Tuesday, October 17, 2017

#NDPthree : Expanding Digital Cuttural Heritage Capacities

Emily Reynolds, IMLS - Moderator

The overarching questions in the session were "What has made a difference?" and "Where are the gaps?"

Bergis Jules, University of California, Riverside - Talked about the forum that is getting a diversity of voices at the table to discuss community archives and preserving local cultural heritage. These forums are creating new space for new voices.  The forums help to broaden knowledge.  They also help to envision radically inclusive processes for the field.  What they have learned has not yielded any surprises.  Mostly about funding and labor.

Karen Cariani, WGBH Educational Foundation - Return on investment: Two page submission form which helps in a number of areas including collaboration.  There is more support for collaborations. She noted that some of the tools needed already existed, e.g., open source speech to text tools. Benefiting from the work in NLP (natural language processing) and efforts of linguists. National Digital Stewardship Residency (NDSR) programs are benefiting young professionals and host organizations. Trying to give more knowledge and experience to the next generation of professionals. Local collections have the biggest gaps - they need funding for digitizing and digital preservation. Another gap is that computational researchers are used to biggest funding and they see the IMLS grants as being too small.

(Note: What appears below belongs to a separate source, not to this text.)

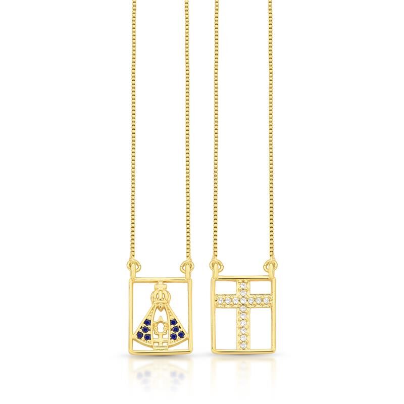 Escapulário banhado a ouro, com zircônia retangular e imagem vazada da cruz e de Nossa Senhora Aparecida. Um acessório simbólico e sofisticado em malha veneziana, perfeito para expressar fé e elegância em qualquer composição.

Thomas Padilla, UNLV - His project is trying to think through how to make collections computational amenable.  It is a broad area that could have far ranging impact.  Gaps:
  1.  Need programs to help existing professionals to build the knowledge and skills needed in this area. What can be done to encourage local organization success? 
  2. Need to encourage projects that are cross disciplinary and with different orientations?  How can we go for the difficult wins, not just the easy ones?  
  3. More collaborative funding opportunities and opportunities that are international.  Can we have private-public sectors exchange of staff, so we can learn from other private sector colleagues (e.g., Twitter)?
Jefferson Bailey, Internet Archive - (1) Noted the importance of systems interoperability and the need to have funding that seeks pieces that are able to work together.  We need glue rather than spokes. The need to promote data exchange through APIs.  There are industry technologies that could be adopted for the needs of digital cultural heritage.  (2) There has been success in collection development and we need to continue to think locally, as well as collection building in new domains (e.g., Twitter) and fast moving events.Risks:
  1.  Grant funding around big projects with established institutions.  Funders need to take more risks with their funding.  
  2. Need to lower the barrier of entry.  
  3. Shared infrastructure beyond the application layer, e.g, storage.  Could we have a non-profit cloud?
Q&A:
Emily Reynolds - Question about funding models.  Bergis said he has no specific solutions.  What if funding targeted specific opportunities, rather than a general call for applications?  What if funding was available to those who are non-profits? He mentioned a Native American boarding school with tremendous archives, which needs help in preserving their collections. Karen said that when you include smaller institutions in your grant, it takes time to manage the efforts of those smaller institutions.
Comment - Comment about the trust factor needed.  Smaller institutions may not immediately trust.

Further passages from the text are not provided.